Section 3E

How numbers can deceive

...

Generalities

One has to be very careful with row data

Even accurate data may easily yield wrong conclusions

We will consider several examples today

Better in each case but worse overall

A pharmaceutical company promotes a new treatment for acne:

	Mild Acne		Severe Acne
	Cured	Not Cured	Cured	Not Cured
Old Treatment	2	8	40	40
New Treatment	30	60	12	8

Rates of success: 33% versus 20% for mild acne,
and 60% versus 50% for severe acne.

More specifics...

90 patients received old treatment, 42 were cured with
42/90=46.7% success rate

110 patients received new treatment, 42 were cured with
42/110=38.7% success rate

The artificial subdivision into "mild" and "severe" cases made it possible to present the data in a way such that the new treatment looks better while it is not!

Better in each case but worse overall

Basketball example

		First Half			Second Half
Player	Baskets	Attempts	percent	Baskets	Attempts	percent
Kevin	4	10	40%	3	4	75%
Kobe	1	4	25%	7	10	70%

While totally during the whole game

Player	Baskets	Attempts	percent
Kevin	7	14	50%
Kobe	8	14	57%

Mammograms and cancer

In 85% cases, a mammogram correctly identifies a tumor as benign (not cancer) or malignant (cancer)

How threatening a positive mammogram may be?

Out of 10,000 tumors, 100 are malignant, and 85 of them will be correctly identified by mammograms.

Out of these 10,000 tumors, 9900 are benign, and \( 0.15 \times 9900 = 1485 \) of them will be misidentified by mammogram as cancer.

Thus out of 1485+85=1570 positive mammograms only 85, i.e 85/1570=0.054 or 5.4% cases have cancer.

Not as threatening as it looks!

Mammograms and cancer ... why so optimistic?

Assumption made: only 1% of tumors (100 out of 10,000) are malignant.
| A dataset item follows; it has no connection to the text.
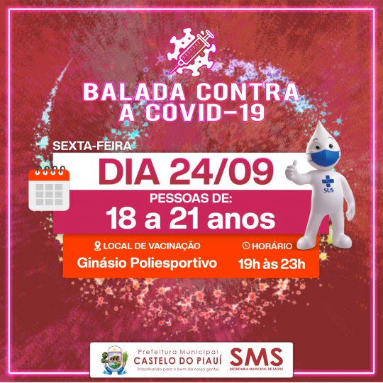 Dando sequência ao público por faixa-etária na imunização contra Covid-19, a secretaria de Saúde de Castelo do Piauí vai realizar a "Balada da vacinação". O objetivo do evento é imunizar os jovens entre 18 e 21 anos.
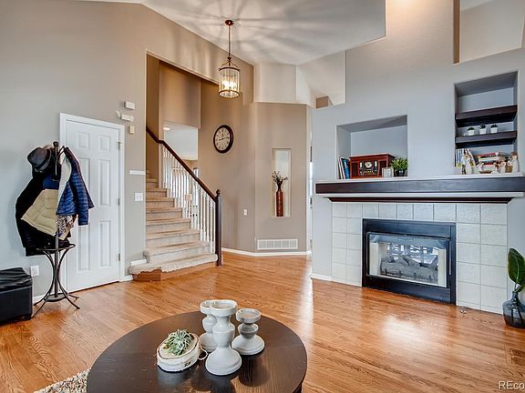 Beautiful home in the heart of Highlands Ranch. Wonderful neighbors, easily accessible to C-470 and shopping/restaurants. 3 Bedroom, 3 bath home with a finished, walk out basement. Basement is large and has two additional unfinished storage areas, one that is plumbed for a bathroom. This basement could easily be converted to have a non conforming bedroom as well! New carpet is being installed second week in March. Upstairs has been newly painted and the main floor has all hardwood floors. Updated kitchen with island and built in buffet. Double sided fireplace makes for cozy nights in the winter. 3 car garage with plenty of storage. Large backyard with a deck and poured patio below. Inviting front porch and ready to be called Home!

What if 20%?

Now out of 10,000 tumors, 2,000 are malignant, and 1,700 of them will be correctly identified by mammograms.

Out of these 10,000 tumors, 8,000 are benign, and \( 0.15 \times 8000 = 1200 \) of them will be misidentified by mammogram as cancer.

Thus out of 1,700+1,200=2,900 positive mammograms already 1,700, i.e 1700/2900=0.586 or 58.6% cases have cancer.

Now it looks bad!

Mammograms and cancer ... extreme cases

Overly optimistic assumption: just 0% of tumors (0 out of 10,000) are malignant.

No worry in this case, whatever the mammogram indicates: no cancer cases

Overly pessimistic assumtion: just 100% of tumors (all 10,000 out of 10,000) are malignant

Too bad a scenario: all 8,500 cases are identified correctly

Conclusion: how threatening is that depends not only on the accuracy of the identification, but also on the frequency of malignant tumors among all tumors

More on too many false positives: 95% accurate drug test

Assume that 4% out of a 1000 athletes (i.e. 40 people) use drugs for enhanced performance

A 95% accurate test will give us false positive on 5% out of 960 people

That comes out as \(0.05 \times 960 = 48\) innocent athletes accused

The test will find correctly \(0.95 \times 40=38\) drug users

Thus out of 38+48=86 accused only 38/86=0.44, i.e. 44% indeed used the drugs, and 56% did not.

That is a result of a 95% accurate test.

tax cuts for rich and their effect

2011 effect of 2001 tax cut

While the chart on the left suggests that rich pay bigger share of taxes, the right chart shows that they pay smaller amount in absolute dollars.

Clearly, that is because the total tax revenue was smaller.